BEGIN The data
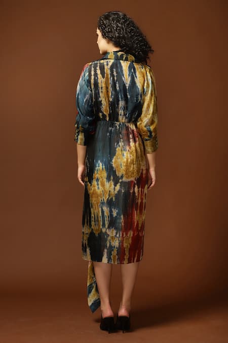 Buy_Capisvirleo_Black Habutai Silk Tie And Dye Collared Neck & Midi Dress _Online_at_Aza_Fashions
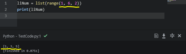 1에서 5 사이의 정수이기 때문에 직접 정의하는 방법도 나쁘지 않다. 하지만, 극단적으로 늘어나는 범위의 원소를 갖는 리스트의 정의가 필요할 때, 위 그림과 같은 방법은 결코 좋은 방법이 될 수 없다.
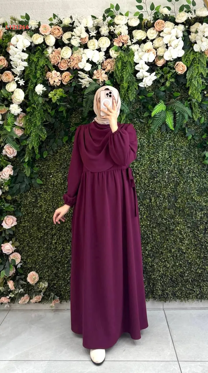 فستان طويل كريب بأكمام زم
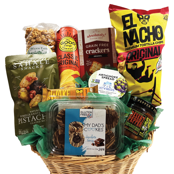 A perfect gift for anyone with a gluten sensitivity. Our basket includes a cornucopia of gluten-free snacks. Included are bags of Wilson Farm Caramel Corn, Sahale Snack nuts, and El Nacho tortilla chips / veggie straws / pop corners. Also included is a box of Absolutely Gluten-Free Crackers, Mt. Vikos Artichoke Spread, Desert Pepper Black Bean Dip, and a sleeve of The Good Crisps chips. Top off your sweet tooth with My Dad's Cookies and an Awake caffeinated chocolate bar. Indulge with no worries!
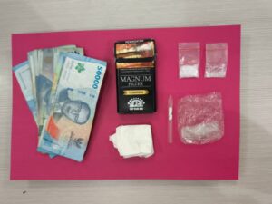 Selain itu, turut diamankan kotak rokok Magnum, pipet berbentuk skop, tisu, plastik berisi sejumlah plastik klip kosong, serta uang tunai sebesar Rp800.000 yang diduga berkaitan dengan aktivitas peredaran narkotika.
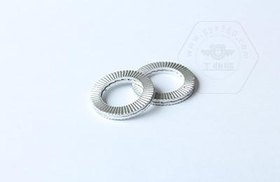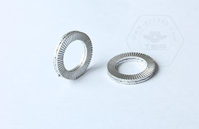 | DIN25201雙疊自鎖墊圈的原理:獨特的墊圈內(nèi)側(cè)斜齒面傾斜角度 α 大于螺栓螺紋傾斜角度 β 。 裝配時, 內(nèi)側(cè)斜齒面是相對的, 墊圈外側(cè)放射狀的凸紋面 (外滾花齒面) 的摩擦系數(shù)要比內(nèi)側(cè)斜齒面 的摩擦系數(shù)大, 且與兩端接觸面成咬合狀態(tài)。 當(dāng)連接件受到振動, 并使螺栓發(fā)生松動趨勢時, 僅僅允許兩片墊圈內(nèi)側(cè)斜齒間相對抬升錯動, 產(chǎn)生擡升張力。 獨特的齒牙系統(tǒng)利用張力在緊固的 連接處產(chǎn)生壹個很高的抵抗力來經(jīng)受振動力,從而達到 100% 的防松效果。 |
END The data
Omit the pictures. Write out exactly the lines from the one containing "Selain itu, turut" through the last line of the entries, both of them included.

 Selain itu, turut diamankan kotak rokok Magnum, pipet berbentuk skop, tisu, plastik berisi sejumlah plastik klip kosong, serta uang tunai sebesar Rp800.000 yang diduga berkaitan dengan aktivitas peredaran narkotika.
 | DIN25201雙疊自鎖墊圈的原理:獨特的墊圈內(nèi)側(cè)斜齒面傾斜角度 α 大于螺栓螺紋傾斜角度 β 。 裝配時, 內(nèi)側(cè)斜齒面是相對的, 墊圈外側(cè)放射狀的凸紋面 (外滾花齒面) 的摩擦系數(shù)要比內(nèi)側(cè)斜齒面 的摩擦系數(shù)大, 且與兩端接觸面成咬合狀態(tài)。 當(dāng)連接件受到振動, 并使螺栓發(fā)生松動趨勢時, 僅僅允許兩片墊圈內(nèi)側(cè)斜齒間相對抬升錯動, 產(chǎn)生擡升張力。 獨特的齒牙系統(tǒng)利用張力在緊固的 連接處產(chǎn)生壹個很高的抵抗力來經(jīng)受振動力,從而達到 100% 的防松效果。 |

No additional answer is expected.